Un socialiste au pouvoir au Chili

Trente ans après l'élection de Salvador Allende, un autre socialiste accède à la présidence de la République au Chili. Paradoxalement, le score du candidat de l'opposition de droite n'a jamais été aussi élevé depuis 1990. Et le socialisme de Ricardo Lagos n'est pas celui de Salvador Allende. De cette élection ressort l'image d'un pays sur la voie de l'apaisement.

Les victimes de la dictature militaire du général Augusto Pinochet tiennent leur vengeance symbolique. En effet, pour la première fois depuis le putsch de septembre 1973 dirigé contre Salvador Allende, un président socialiste prendra ses fonctions, au mois de mars, au palais de la Moneda.

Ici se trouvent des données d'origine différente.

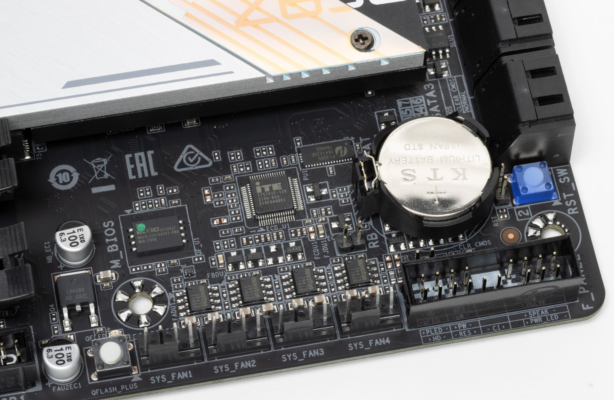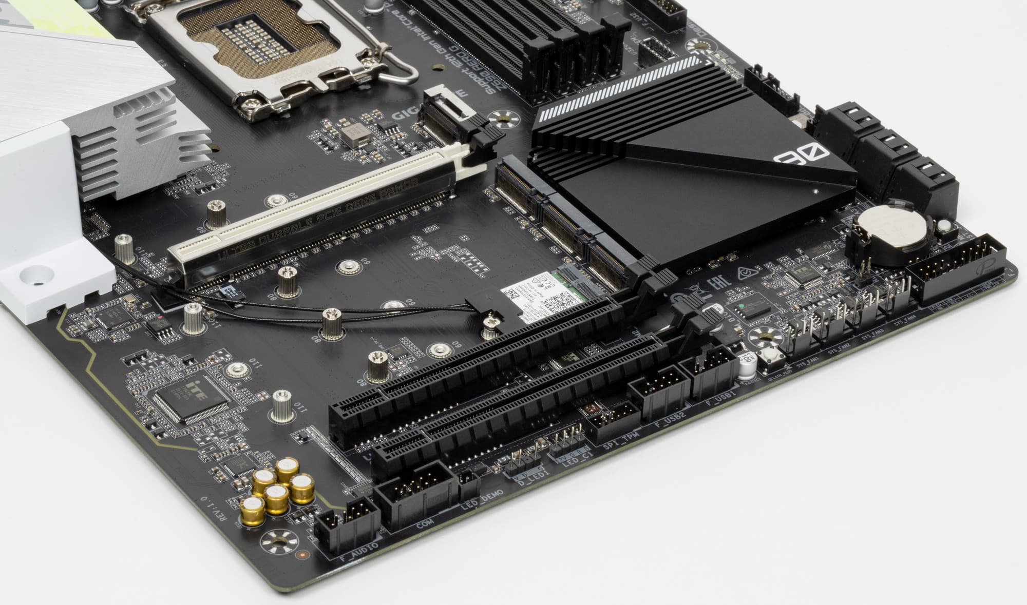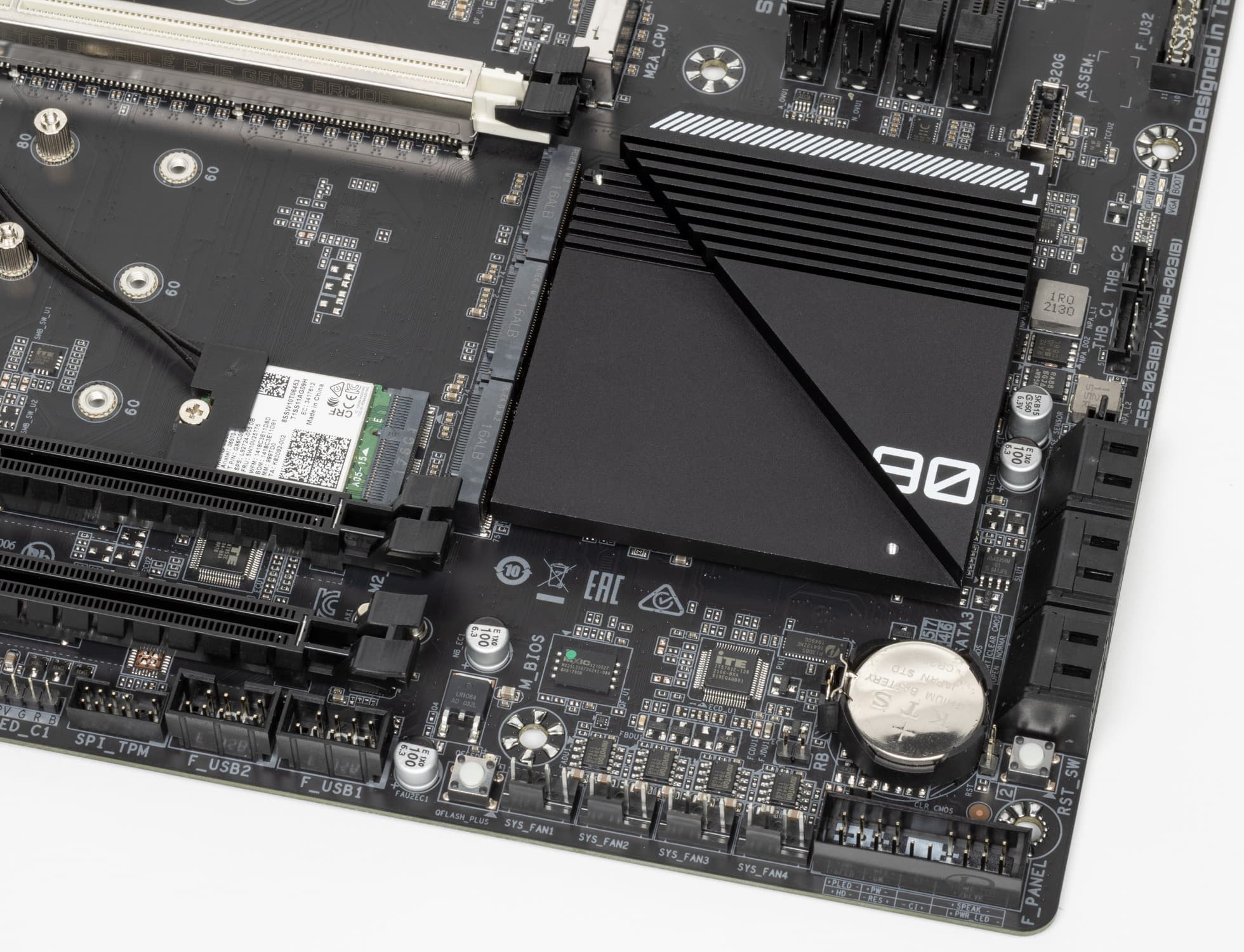 Все M.2 слоты имеют радиаторы. Верхний M2A_CPU обладает отдельным радиатором (о нем особо расскажу в разделе питания и охлаждения), когда как остальные слоты M.2 имеют общий радиатор (причем с чипсетом).

Candidat de la Concertation démocratique de centre gauche qui dirige le pays depuis dix ans – et qui regroupe le Parti démocrate-chrétien, le Parti socialiste, le parti pour la Démocratie et le Parti radical –, Ricardo Lagos a remporté le second tour de l'élection présidentielle organisée le 16 janvier, avec 51,3 % des suffrages. Il était opposé à l'économiste ultralibéral Joaquin Lavin, candidat de droite présenté par l'Alliance pour le Chili, une formation regroupant l'Union indépendante démocratique et le parti de Rénovation nationale.

Au premier tour, le 12 décembre 1999, Ricardo Lagos avait devancé son principal adversaire de 30 000 voix seulement, avec 48 % des suffrages contre 47,5 % pour Joaquin Lavin. Le bon report des voix communistes au second tour aura fait la différence. Le dirigeante du Parti communiste, Gladys Marin, qui n'avait obtenu que 3,2 % des voix en décembre, n'avait pourtant donné aucune consigne de vote pour le second tour, par réaction au soutien apporté par Ricardo Lagos aux démarches du président Eduardo Frei en faveur de la libération d'Augusto Pinochet, arrêté à Londres en octobre 1998.

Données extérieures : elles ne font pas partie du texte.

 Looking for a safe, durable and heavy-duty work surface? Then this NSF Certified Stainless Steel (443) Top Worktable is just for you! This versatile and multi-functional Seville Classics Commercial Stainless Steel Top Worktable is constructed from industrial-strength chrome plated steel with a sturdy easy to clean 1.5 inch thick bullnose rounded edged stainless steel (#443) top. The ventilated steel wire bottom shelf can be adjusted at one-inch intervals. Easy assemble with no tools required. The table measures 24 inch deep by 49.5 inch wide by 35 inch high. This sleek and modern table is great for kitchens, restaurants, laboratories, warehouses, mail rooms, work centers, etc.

L'ombre du général Pinochet

L'annonce de cette probable libération, quelques jours avant le second tour de scrutin, a fait resurgir le passé dans une campagne électorale dominée par les enjeux économiques et sociaux, et dont était jusqu'alors absente toute évocation de cette période de l'histoire récente du pays. Sous la pression de l'événement, les deux candidats ont dû se prononcer explicitement en faveur du jugement de l'ancien caudillo dans son pays. L'exercice a, semble-t-il, mieux réussi à Ricardo Lagos qu'à son adversaire Joaquin Lavin, qui a dû à cette occasion renier son passé d'ancien collaborateur de la junte. La droite a même vu le signe d'un « complot de l'Internationale socialiste » dans la coïncidence entre la date de la décision du gouvernement britannique de Tony Blair et le second tour de l'élection au Chili...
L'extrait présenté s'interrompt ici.